In this groundbreaking paper, Stanley B. Prusiner presents evidence that the causative agent of scrapie, a neurodegenerative disease in sheep and goats, is an infectious protein particle, which he calls a "prion." The resistance of the prion to procedures that modify nucleic acids, its heterogeneity in size and charge, and its partial purification are described. The hypothetical mechanisms of prion replication are discussed, considering the possibility that it lacks nucleic acid, and its possible involvement in other human neurodegenerative diseases is explored. The research proposes a new model for infectious agents, challenging the central dogma of molecular biology. Finally, the implications of understanding the structure and replication of prions for medicine are highlighted. Prusiner, S. B. (1982). Novel proteinaceous infectious particles cause scrapie. Science, 216(4542), 136-144.

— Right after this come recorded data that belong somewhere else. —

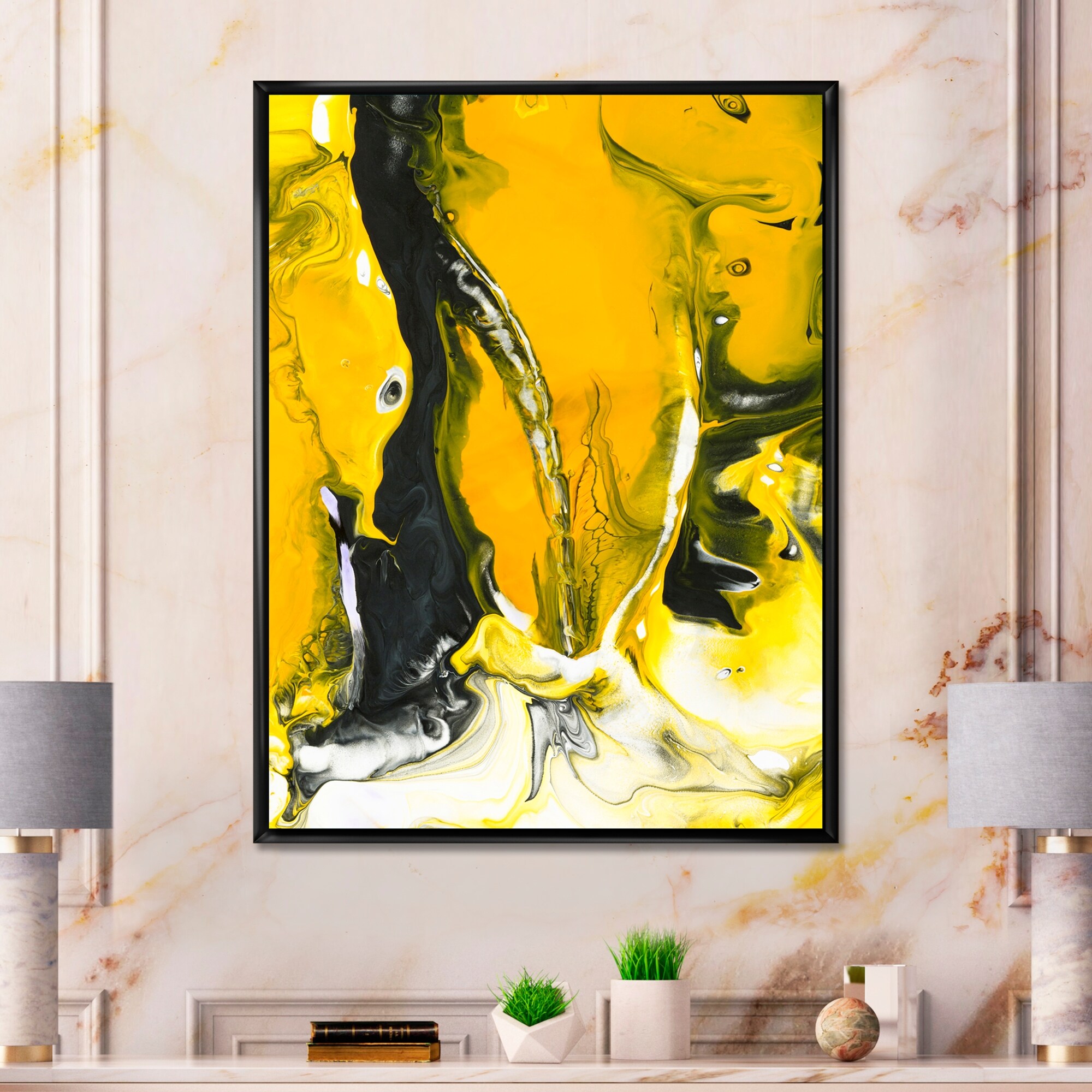 Designart "Yellow Black And White Liquid Art VII" Modern Framed Canvas Wall Art Print
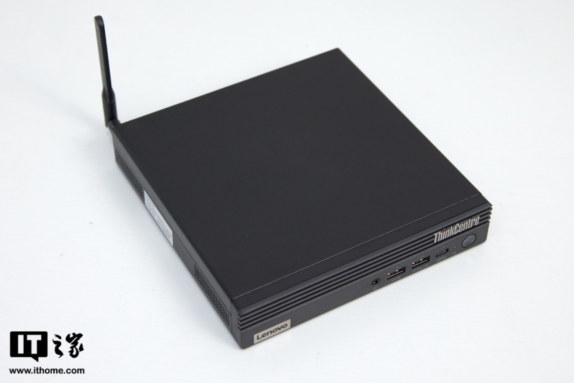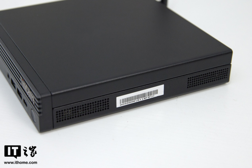 只看这个 1L 体积的小机箱,它的外观做得非常低调内敛,除了前面板采用了 ThinkCentre 系列标志性的瀑布格栅设计和经典的 ThinkCentre Logo 标、Lenovo 铭牌,其它部分都是纯黑金属材质,没有多余装饰。机身左右两侧各有一组散热孔,底部还有四个小脚垫,至此它的外观就介绍完了。
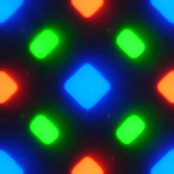 В этом экране используется матрица Super AMOLED — активная матрица на органических светодиодах. Полноцветное изображение создается с помощью субпикселей трех цветов — красного (R), зеленого (G) и синего (B), но красных и синих субпикселей в два раза меньше, что можно обозначить как RGBG. Это подтверждается фрагментом микрофотографии:
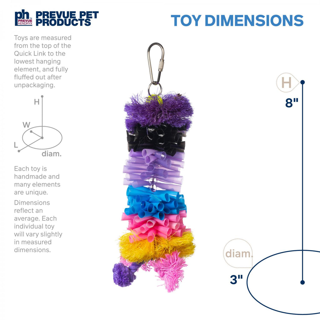Prevue Pet Products Playfuls™ Straw Stacker Bird Toy 62634 is a colorful, dangling toy to shred and pull, satisfying preening instincts and discouraging plucking in your bird. Made from a variety of materials, including cocoa fibers, knotted rope, plastic straws and more. Your small to medium sized bird will love to pull this toy apart and unravel the materials! All components are 100% pet safe and non-toxic with quick-link attachments to connect easily to your bird’s cage. Toy is hand made and actual measurements may vary slightly. As always, supervise birds at play. Our Straw Stacker Bird Toy is approximately 8" Long and 3 1/4'' Wide, ideal for small and medium sized birds.
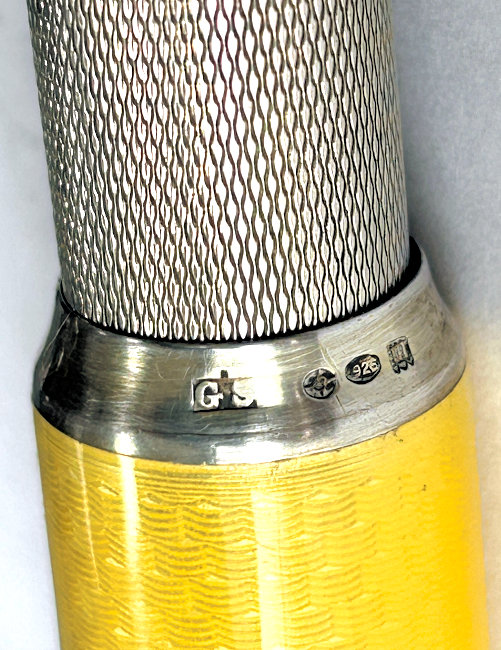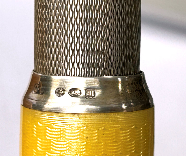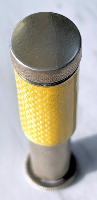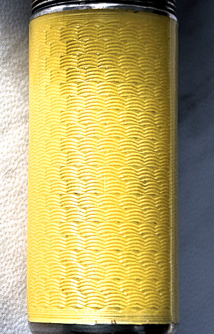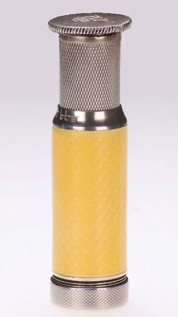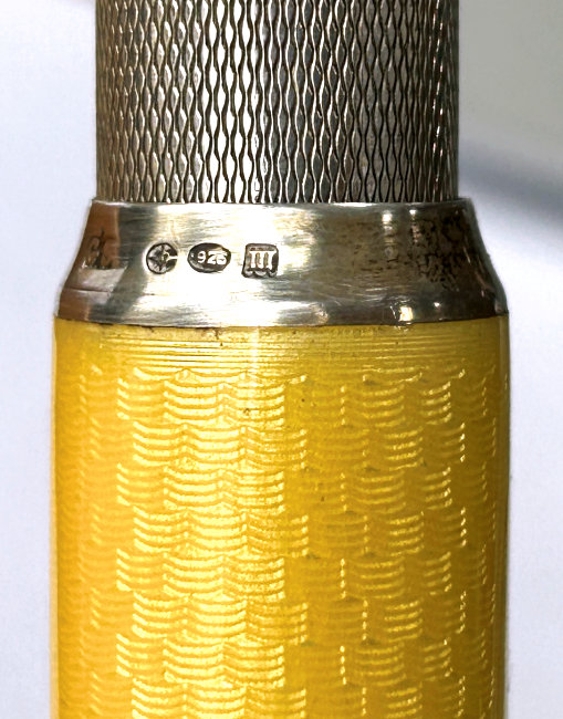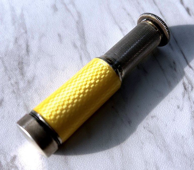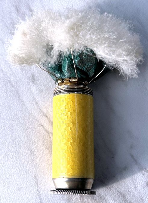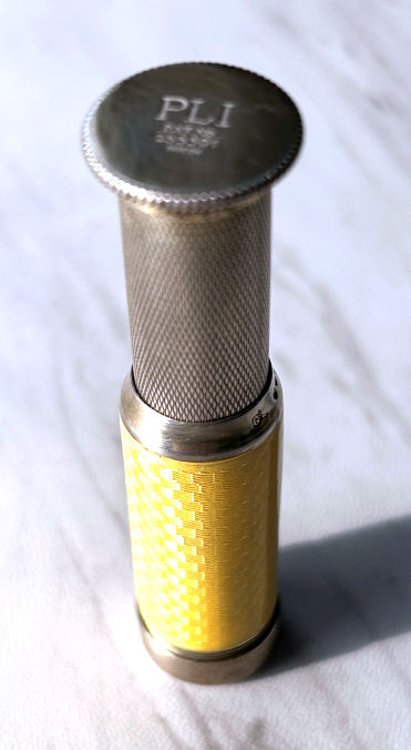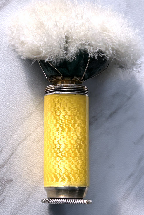 I just love these ingenious little Pli powder dusters with built-in powder containers and puffs.. What makes them unique is that the loose powder is put into the slender end (cap with Pli name on it unscrews). The cap at the top unscrews and as you push the tube upward, a feathered puff pops out the top! With a little shake, the powder is then dispensed into the puff for dusting onto your face. This one is an extremely rare sterling silver yellow enamel guilloche. It is only the second enamel guilloche sterling silver Pli I have ever seen in all my years of collecting and the ONLY one I have ever seen without damage to the enamel. This one is in absolutely mint condition with no damage to the enamel whatsoever. It is hallmarked 925 for sterling and for George Stockwell of London with date mark 1927. It is an absolutely stunning little piece and totally functional. Just a wonderful little invention! Measures just a tad over 3" long x 3/4" diameter. There are 20 photos from all angles of this piece so be sure to view them all. (Click on pic for more photos.) |

Polymerase chain reaction (PCR) would not be the same without the discovery of Taq polymerase, a thermostable enzyme crucial for its efficiency and specificity. The steps of PCR (denaturation, hybridization, and extension) are explained, the effect of temperature on each step, and the advantages and limitations of Taq polymerase with other polymerases are compared. Finally, the various applications of PCR in different fields, including molecular biology, medicine and forensic science, are presented.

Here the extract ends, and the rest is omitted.